A BABY NURSE (FOR A YEAR)
Moms, listen up. I’ve heard it all: Baby nurses are a racket, it’s three hundred dollars per day, etc. But let me tell you something: It’s an investment in your beauty sleep. It’s hard enough having a newborn and recovering from your elective C-section. But if you have the proper nurse on hand, she can worry about sleep training while yo
u heal! It’s a no-brainer, really. Be sure when you interview nurses to avoid ones on the hefty side. One mother I knew woke up at 10 A.M. and went into the nursery to find her newborn screaming in his crib with the baby nurse dead on the floor from a heart attack! Her little ticker had stopped tocking and couldn’t support her load. So my friend had to start interviewing new nurses and was alone with her baby! So I say, trust trim. If they can’t control their waistlines, how can they control your child?
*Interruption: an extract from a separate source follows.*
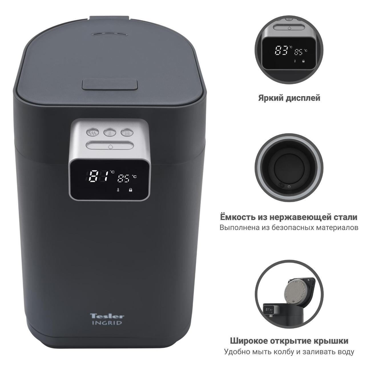 сразу после распаковки наполнила водой до метки, включила на кипячение, через минут 5-7 начал кипеть не переставая, вода брызгала через отверстие для выхода пара, пока не выключила из розетки, при этом показывал температуру то 16, то 18 градусов. очень разочарована, сделала возврат.

KIBU THE JAPANESE DOG WALKER
If you’re a dog lover like I am, you need Kibu. And by dog lover, I do not mean adopting some mutt at the shelter. We were on the wait-list for seven years for a Cavalier King Charles spaniel from those famous lesbian breeders in Minnesota, and, let me tell you, it was worth every second. Farnsworth is a delight (it’s a family name), and I wouldn’t trust anyone to care for him other than Kibu. The famed dog walker of the Upper East Side may look interesting with his long straight hair reaching his backside, and his head-to-toe Rick Owens postapocalyptic leather outfits are a bit on the eccentric side, and he may charge two hundred dollars per day per dog, but he’s a gem. You have to be on your best behavior when he comes over to interview you. Offer him drinks and chef-made hot hors d’oeuvres (he loves caviar) and he will interrogate you—I mean, question you—about your dog. If he accepts you, you’ve hit the dog owner lottery—you must thank him with a gift. He loves Vuitton or Goyard messenger satchels! He will then commence duties with your dog’s doodies! I can be so clever sometimes! Each week, he will give you a laminated Microsoft Excel spreadsheet with a complete fecal and behavior report, which we keep in a T. Anthony binder in the front hall. If I were dyslexic, I’d say “I thank dog for Kibu!” There I go again, being funny!